GitHub - wiluite/CSV_co_old: C++20 CSV data reader

C++20 CSV data reader

About
FAQ
Features
Minimum Supported Compilers
Acknowledgments
Example
API
Problems
Benchmarks
Build All

About

CSV_co is a C++20 coroutine-driven, callback-providing and sane CSV data reader, or parser. Hope, it is in line with standard RFC 4180. This is because it was conceived to handle with field selection carefully.

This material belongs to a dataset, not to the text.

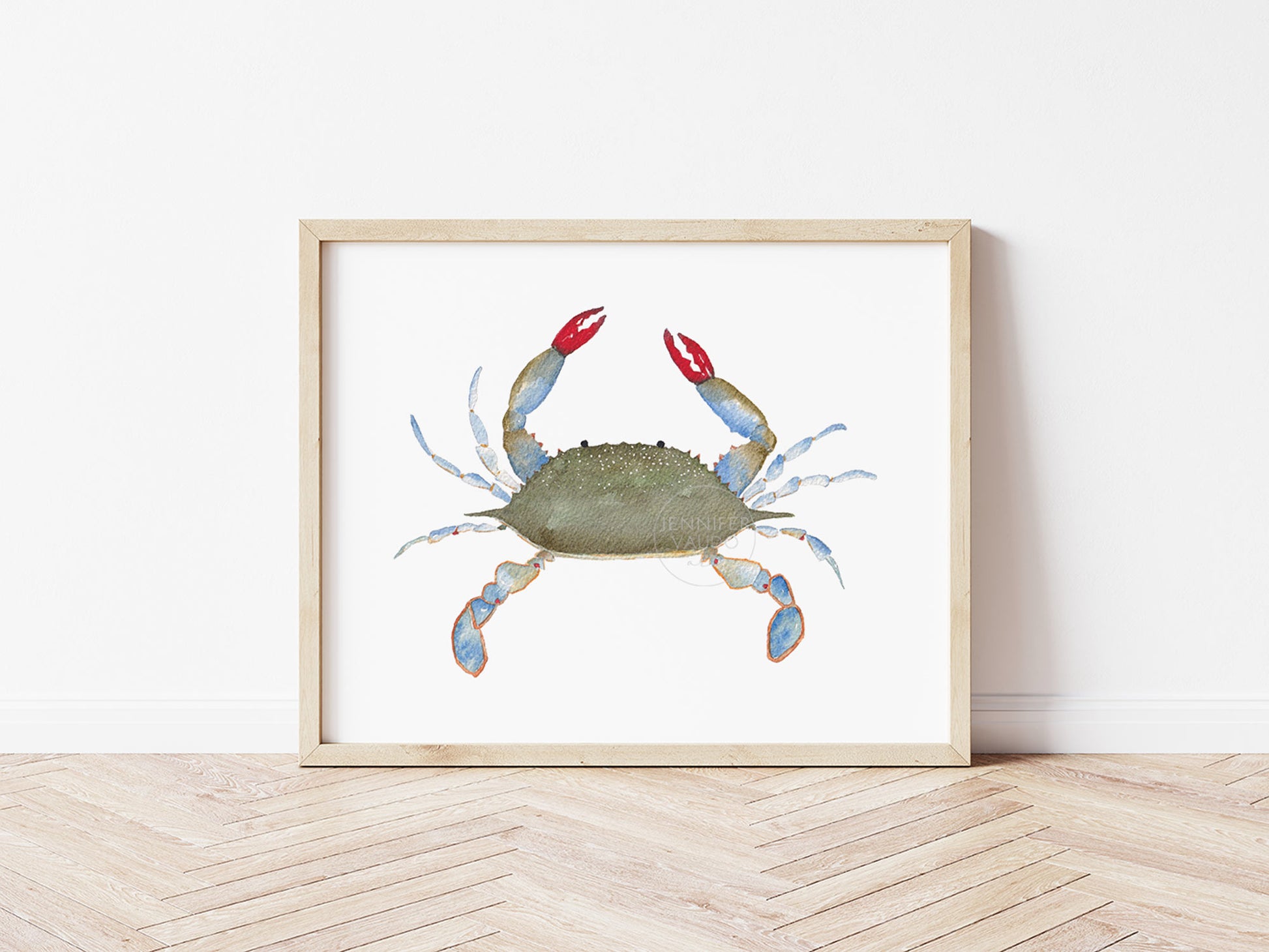 Blue Crab Watercolor Art Print | Coastal Nautical Wall Decor | Ocean Life Wall Art

The following requirements tend to be satisfied:

Windows and Unix style line endings.
Optional header line.
Each row (record) must contain the same number of fields.
A field can be enclosed in double quotes.
If a field contains commas, line breaks, double quotes, then this field must be enclosed in double quotes.
The double-quotes character in the field must be doubled.
Extension: partly double-quoted fields (non-quoted string fields with arbitrarily double-quoted parts)

FAQ

Why another parser?

Because I am very unsure about some authors' workings on complicated CSV fields.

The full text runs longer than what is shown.